- **PROBLEM TO WORK ON**
The records are to be copied from the line that contains "On the other" through their last line, word for word, with every picture left out.

═══ DATASET ENTRIES ═══

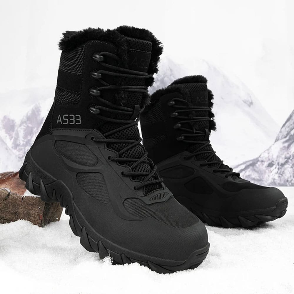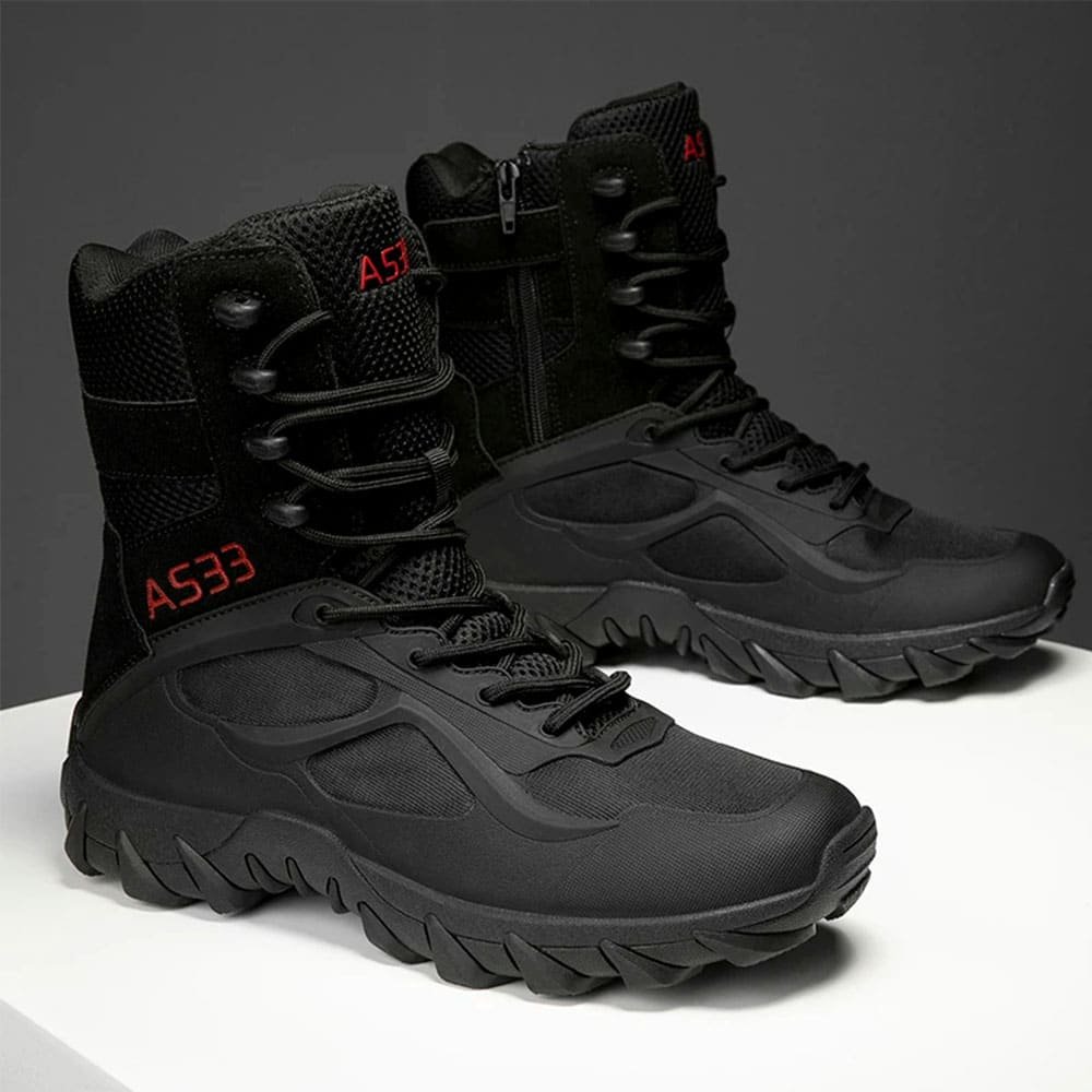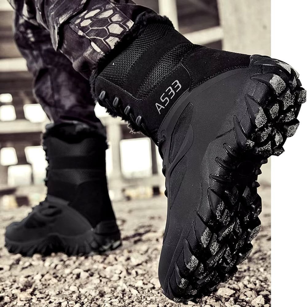 Enfrenta el frío con nuestras Botas Tácticas de Combate Ligeras, diseñadas para los terrenos más duros del invierno. Con su suela de goma resistente y forro de malla transpirable, garantizan un agarre óptimo y comodidad. El cierre de cordones asegura un ajuste firme, ideales para aventuras al aire libre y operaciones militares. Disfruta de durabilidad y estilo incomparables en un elegante negro sólido.
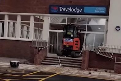 Eigentlich waren die Bauarbeiten im neuen Travelodge-Hotel in Liverpool bereits beendet, es fehlte lediglich der Feinschliff. Dann legte jedoch ein wütender Arbeiter los, der offenbar kein Gehalt bekommen hatte. Mit seinem Minibagger fuhr er wiederholt in die Lobby des Hauses und zerlegte dabei das Gebäude (mit Video).
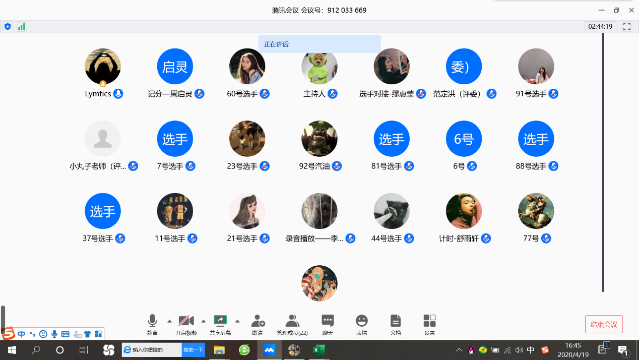 校选赛于2020年4月18日14:00和2020年4月19日14:30在“腾讯会议”线上平台分别进行了初赛和决赛。本次校选赛由98堂
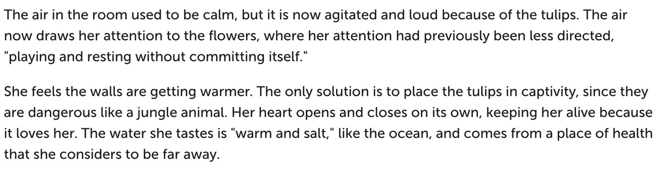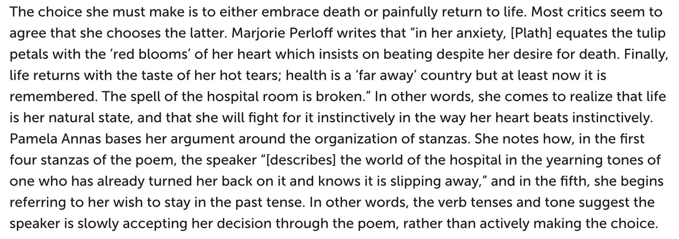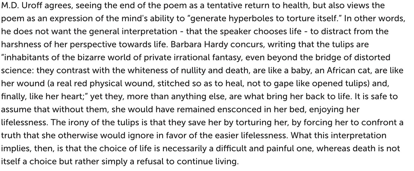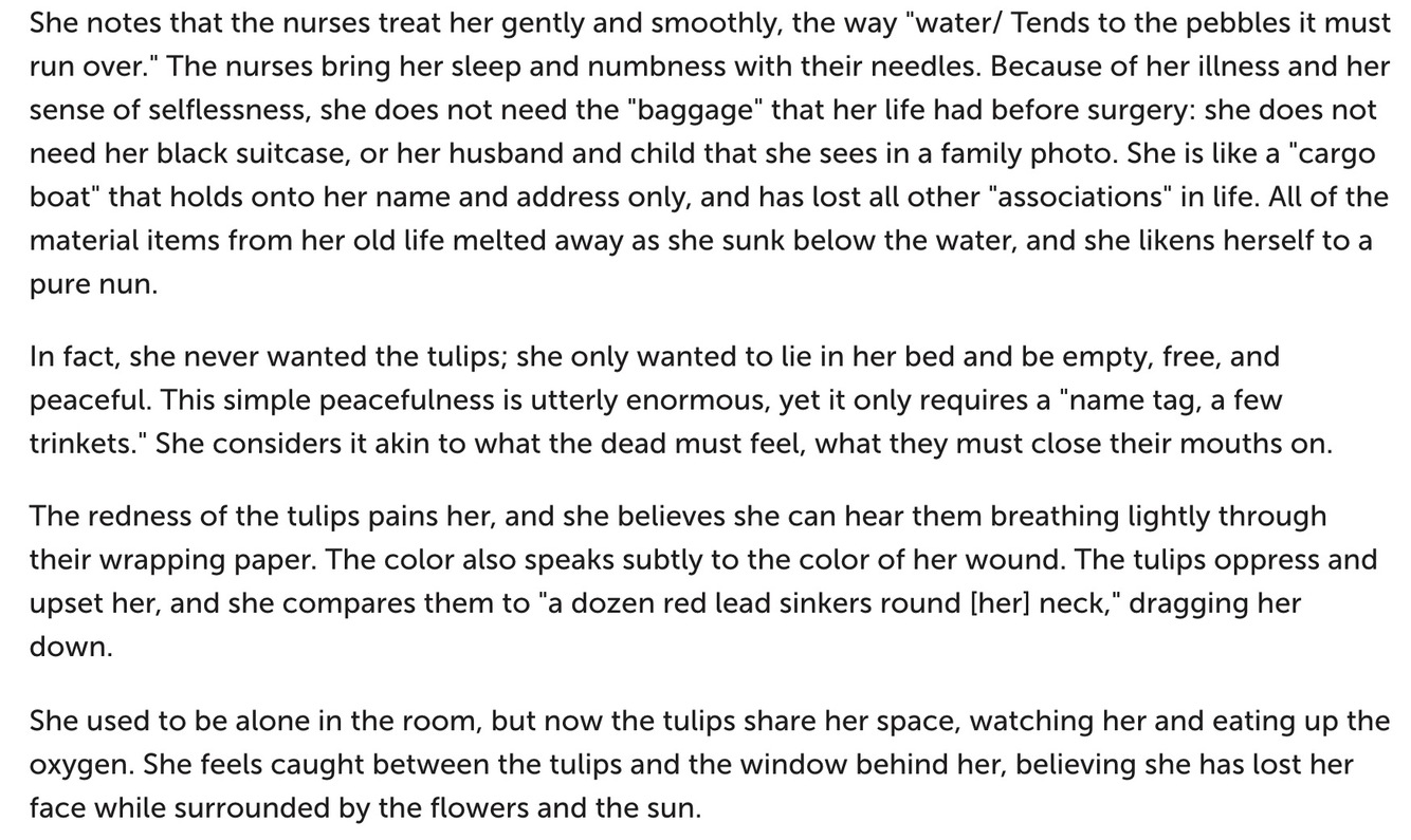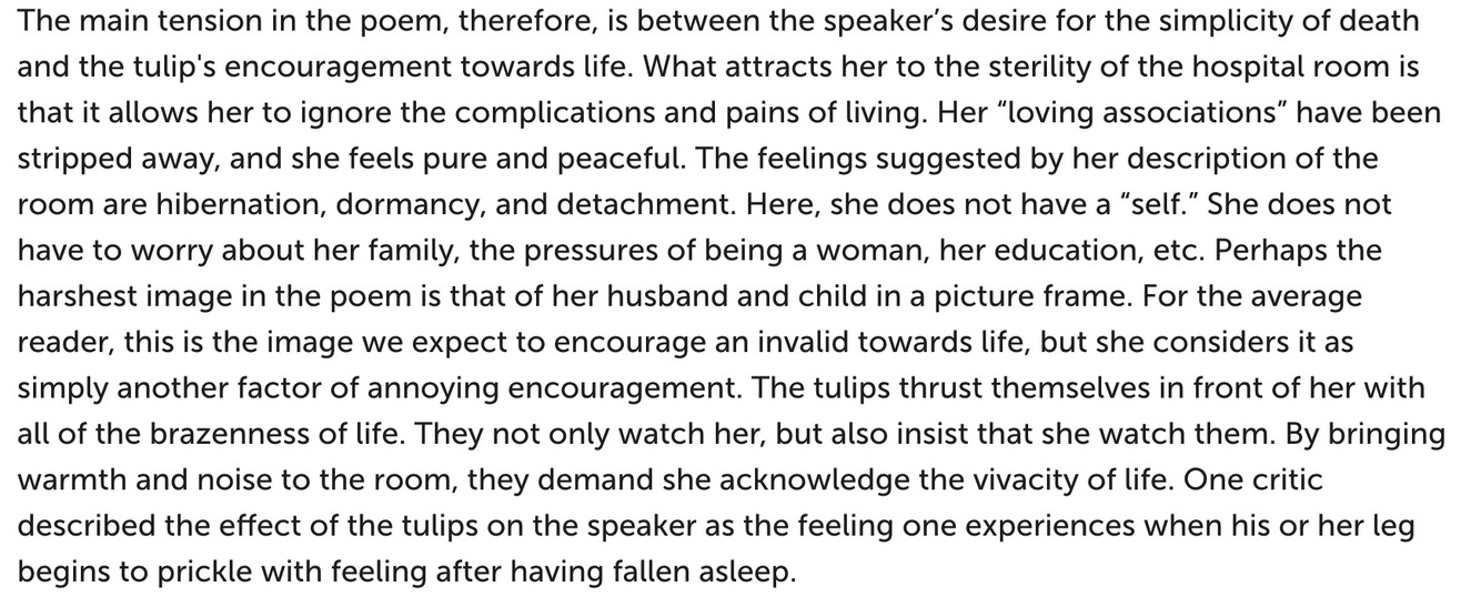 On the other hand, while the dead are mentioned in this stanza, there is no clear evidence that the speaker wants to die in this poem. In fact, in the next two stanzas, she is upset that the tulips threaten her life. They are “red lead sinkers round my neck” and they “eat my oxygen.” She desires something else, something white and pure, which rejects the vivid tulips, suggesting that her desire “to efface myself” is something other than death.
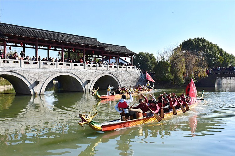 “龙腾腊月,舟舞安昌,预祝风情节圆满成功!”活动现场,我院四十余名龙舟队员伴着鼓点,铿锵有力地喊着号子。桨板起落之间,水花溅起,两艘龙舟一大一小,一前一后,龙头、龙尾相互竞逐安昌河中,舟上击鼓声、戏台上调子声、河边人群呐喊助威声汇成一片,热闹非凡,为安昌古镇居民和游客送上了一场水上盛宴。
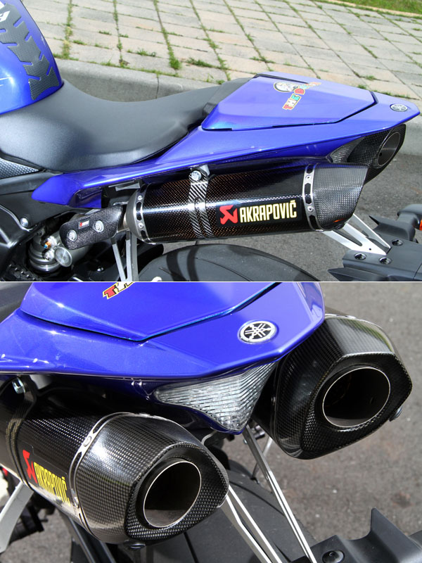 AKRAPOVIC的碳纖維排氣尾管,排氣聲浪更為澎湃。

═══

- **ANSWER BOX**
 On the other hand, while the dead are mentioned in this stanza, there is no clear evidence that the speaker wants to die in this poem. In fact, in the next two stanzas, she is upset that the tulips threaten her life. They are “red lead sinkers round my neck” and they “eat my oxygen.” She desires something else, something white and pure, which rejects the vivid tulips, suggesting that her desire “to efface myself” is something other than death.
 “龙腾腊月,舟舞安昌,预祝风情节圆满成功!”活动现场,我院四十余名龙舟队员伴着鼓点,铿锵有力地喊着号子。桨板起落之间,水花溅起,两艘龙舟一大一小,一前一后,龙头、龙尾相互竞逐安昌河中,舟上击鼓声、戏台上调子声、河边人群呐喊助威声汇成一片,热闹非凡,为安昌古镇居民和游客送上了一场水上盛宴。
 AKRAPOVIC的碳纖維排氣尾管,排氣聲浪更為澎湃。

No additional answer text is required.